Beyond just establishing the purpose of our classes, I suggest that we do the same for our readings.  My concern is that we typically give readings to students and simply tell them to read
it for the next day’s quiz.  Or that we offer them a study guide for them to fill out as they read.  But we don’t necessarily set up the reading in terms of what we want them to know, learn or look for.  Like a good lesson, we need to explicitly state, “this is what I want you to look for in today’s, or tonight’s reading.”   Too often, I worry that we make “finding the main idea” a game, whereby we send our student on a mission to guess the point of our assignment on their own. 

There are a number of ways that we can establish the purpose of our readings.



First, we can write it out on the board or slide.  In writing the purpose, keep it simple and clear.  Avoid writing it as an objective, which has become the language of teachers.  A well-state purpose is crafted in language that students can understand, not something that would look good in a curriculum guide.



Second, in some cases, I will incorporate the purpose at the top of the reading itself.  In the times when I do this, I read it to students or point it out to them so that they see it.  I do this specifically because I worry that they might see it as “optional text” and skip right over it when they go to read it.  If I read it aloud to them, at the very least, I know that they have been exposed to it at the start. 

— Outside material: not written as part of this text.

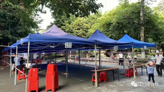 6月7日-9日,江门侨青会理事、江门市本无广告策划有限公司经理黄立峰联合有关公司组织全体员工分别为蓬江区白沙公园核酸检测点、三角塘公园核酸检测点安装了30多顶帐篷、10多台移动空调,并制作现场秩序维护物料、安装指引标识等。6月8日下午,该公司接到新会区七堡广场核酸检测点的紧急需求后,连夜从佛山调来4台移动移动空调并于当晚11点安装完毕,及时为那里的医务人员降温解暑。
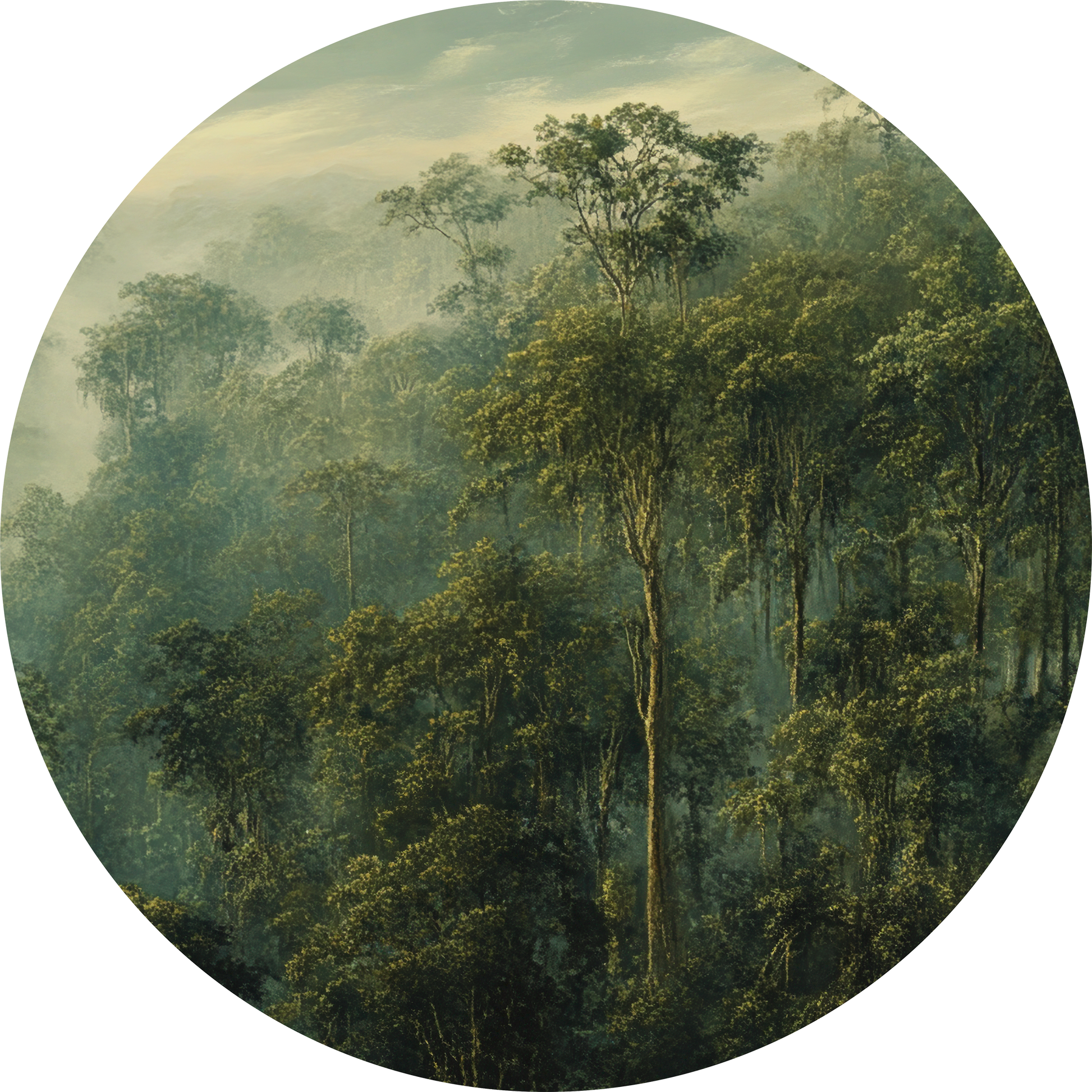 Morning Dew in the Jungle transports you to the magical depths of a tropical rainforest in the first light of day. Fine mist drifts between mighty trees, while soft morning light bathes the lush greenery in a tranquil, almost spiritual atmosphere. This circular wall design creates an extraordinary spatial effect – intense, calming, and connected to nature. Ideal for living rooms, libraries, or creative workspaces where peace and inspiration are needed. A design for all those who long for a retreat full of naturalness and depth.

Third, I might print it off on a separate slip of paper and send it along with students.  This happens in cases where students are reading from a textbook or something I cannot manipulate. 



Establishing a clear purpose isn’t easy.  While they should be explicit and clear, they also can’t be strictly literal.  In those cases, the purpose statement doesn’t really provide students a means to think about the text.  Instead of stating that the purpose is to learn about the steps of photosynthesis for example, tell students that the purpose of the reading is to learn the process of photosynthesis.  For fiction, instead of asking students to look for the moral or theme, I would give them the moral of the theme and tell them to look for how that moral or theme is communicated.  “Class, the purpose of this reading is to show you the influence of grief on a person’s life.  So look for that grief and come prepared tomorrow for a discussion on examples of grief throughout the story.” 



We tend to assume that all students know the general purpose of things in our classes.  For struggling students in particular, this may not be the case.  Taking just a few moments to set the purpose—both with the lesson and with the readings—we can provide students with a critical tool to use for their readings.